Data below -
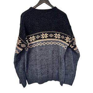 Stylish crewneck sweater with a classic pattern. Features black and cream colors. Perfect for casual wear.
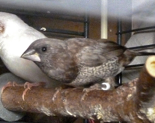 Патрик - жемчужный самец (белое кольцо на левой лапке):
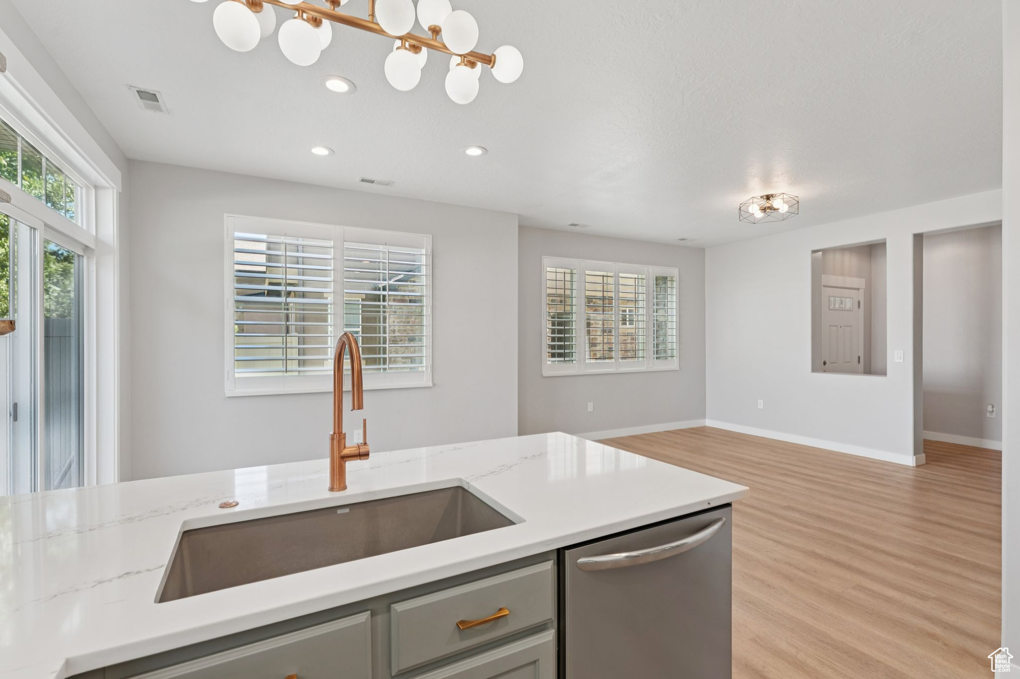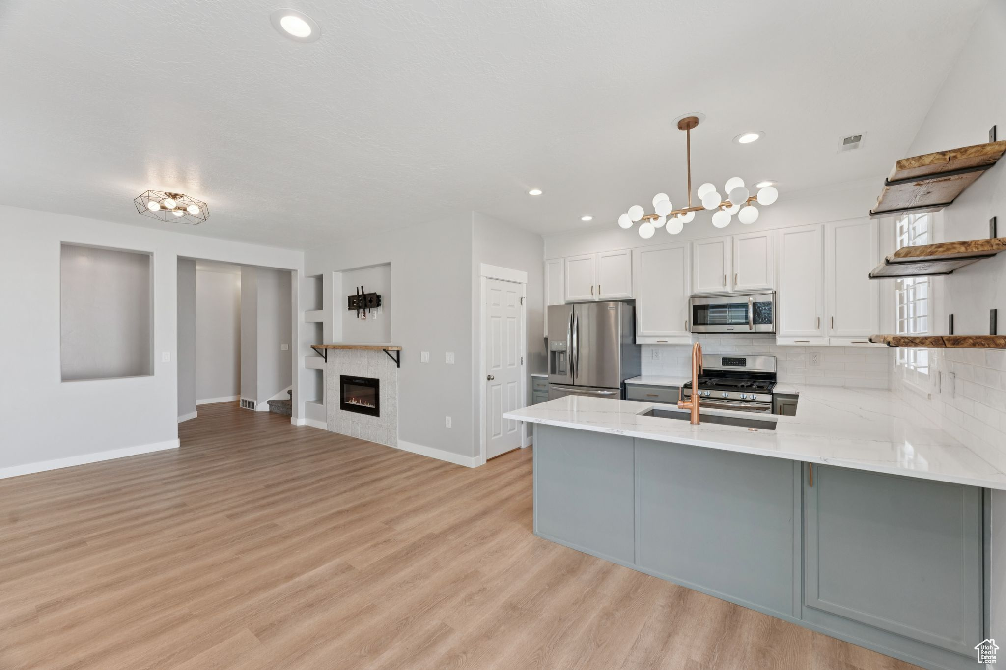 Located in the highly desirable Foxboro North community, this beautifully remodeled 3-bedroom, 2.5-bath townhouse offers 1,475 sq ft of bright, inviting living space just 15 minutes from downtown Salt Lake City and only 10 minutes from the airport. Residents enjoy access to resort-style amenities including three swimming pools, hot tub, gym, basketball courts, playgrounds, game room, and scenic walking trails. Legacy Park is only steps away, hosting community events and the ever-popular Food Truck Mondays. Inside, the home has been thoughtfully redesigned with a modern coastal-cottage style that blends warmth and charm with functionality. The main floor's open-concept layout centers around a custom fireplace with a barnwood mantle, creating a cozy yet stylish focal point. The kitchen is a standout feature, with Frigidaire Gallery appliances, quartz countertops, a large farmhouse sink, freshly painted cabinets, and beautiful open barnwood shelving. Copper fixtures and lighting complete the look, offering timeless character. Upstairs, the spacious primary suite includes a private bath, while two additional bedrooms provide flexibility for guests, family, or a home office. All bathrooms have been updated with tasteful finishes to match the home's coastal style. A washer and dryer are included, and the home comes equipped with a water softener for added convenience. Outdoor living is just as enjoyable, with a private fenced patio ideal for morning coffee, summer barbecues, or evenings by a fire pit. The single car attached garage offers both parking and storage, while the exterior's stone accents and covered entry enhance the home's curb appeal. This Foxboro North townhouse combines the best of location, design, and community. With a fresh remodel, modern upgrades, and unmatched neighborhood amenities, it's move-in ready and waiting for its next owner. Schedule your showing today and see why homes in Foxboro are so sought after.

What to do - Reproduce the material word for word, minus the images.

Written response -
 Stylish crewneck sweater with a classic pattern. Features black and cream colors. Perfect for casual wear.
 Патрик - жемчужный самец (белое кольцо на левой лапке):
 Located in the highly desirable Foxboro North community, this beautifully remodeled 3-bedroom, 2.5-bath townhouse offers 1,475 sq ft of bright, inviting living space just 15 minutes from downtown Salt Lake City and only 10 minutes from the airport. Residents enjoy access to resort-style amenities including three swimming pools, hot tub, gym, basketball courts, playgrounds, game room, and scenic walking trails. Legacy Park is only steps away, hosting community events and the ever-popular Food Truck Mondays. Inside, the home has been thoughtfully redesigned with a modern coastal-cottage style that blends warmth and charm with functionality. The main floor's open-concept layout centers around a custom fireplace with a barnwood mantle, creating a cozy yet stylish focal point. The kitchen is a standout feature, with Frigidaire Gallery appliances, quartz countertops, a large farmhouse sink, freshly painted cabinets, and beautiful open barnwood shelving. Copper fixtures and lighting complete the look, offering timeless character. Upstairs, the spacious primary suite includes a private bath, while two additional bedrooms provide flexibility for guests, family, or a home office. All bathrooms have been updated with tasteful finishes to match the home's coastal style. A washer and dryer are included, and the home comes equipped with a water softener for added convenience. Outdoor living is just as enjoyable, with a private fenced patio ideal for morning coffee, summer barbecues, or evenings by a fire pit. The single car attached garage offers both parking and storage, while the exterior's stone accents and covered entry enhance the home's curb appeal. This Foxboro North townhouse combines the best of location, design, and community. With a fresh remodel, modern upgrades, and unmatched neighborhood amenities, it's move-in ready and waiting for its next owner. Schedule your showing today and see why homes in Foxboro are so sought after.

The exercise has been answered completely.